How to compute the energy needed to compress the water isothermally?

[WMDhamnekar]

Hi,
Answer given is $E_n=29.4 Joules$ Here is the question.

Answer provided by the Chemistry math expert/Professor is as follows but it is different from the answer given. How is that?

Compressibility is the fractional change in volume per unit increase in pressure. For each atmosphere increase in pressure, the volume of water would decrease 46.4 parts per million.
I'll pick a shape for the device, calculate distance traveled and force required, and use $work = force \times distance.$
with 100 atm, volume would decrease by 4640 PPM or by a factor of 0.00464

10 kg of water is about 10 liters or $0.01 m^3$

$100 atm = 1.013e7 Pa$ or $1.013e7 N/m^2$
assume a cube shape, height is $\sqrt[3]{0.01 m^3} = 0.2154435 m$ and base area is$ 0.0464159 m^2$ (coincidence that "464" appears as two different values)
force on piston is $1.013e7 N/m^2 \times 0.0464 m^2 = 470000 N$
that change in volume causes what change in height

new volume $= 0.01 m^3 – 0.01 m^3(0.00464) = 0.00995 m^3$

which has a height of $\frac{0.00995 m^3}{0.0464159 m^2} = 0.2143663 ,$

change is 0.2154435 – 0.2143663 = 0.00108 m
energy = Fd = (470000 N)(0.00108 m) = 506 JIs temperature of water $20^\circ C$ to be considered?

 

[I like Serena]

Answer given is $E_n=29.4 Joules$ Here is the question.

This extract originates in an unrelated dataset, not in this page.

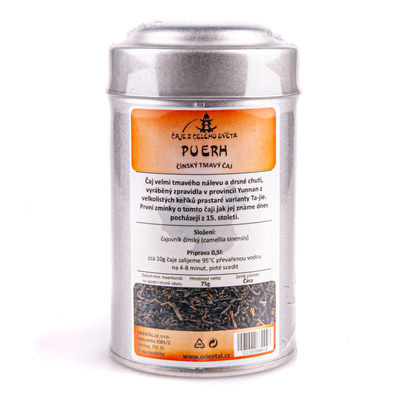 Popis produktu Čínský čaj tmavý Pu Erh 75 g dóza

Answer provided by the Chemistry math expert/Professor is as follows but it is different from the answer given. How is that?
(snip)
force on piston is $1.013e7 N/m^2 \times 0.0464 m^2 = 470000 N$
that change in volume causes what change in height
new volume $= 0.01 m^3 – 0.01 m^3(0.00464) = 0.00995 m^3$
which has a height of $\frac{0.00995 m^3}{0.0464159 m^2} = 0.2143663 ,$
change is 0.2154435 – 0.2143663 = 0.00108 m

energy = Fd = (470000 N)(0.00108 m) = 506 J

Your expert's answer assumes that the force/pressure is constant at 100 atmosphere, but that is not the case.
Instead it will build up from 1 atmosphere up to 100 atmosphere.
So we can expect the actual answer to be about half of that $506\,J$, which is really an upper estimate.

I found $229\,J$ myself while taking the changing pressure into account with Calculus, which is indeed in the neighborhood of half of that $506\,J$.
Either way, it looks as if the answer of $29.4\,J$ is not correct.

Is temperature of water $20^\circ C$ to be considered?

We take the coefficient of isothermal compressibility of water at $20^\circ C$.
Wikipedia mentions that it is $4.4$ to $5.1×10^{-10}\, Pa^{-1}$ in ordinary conditions.
Close enough to that 46.4 parts per million that you mentioned.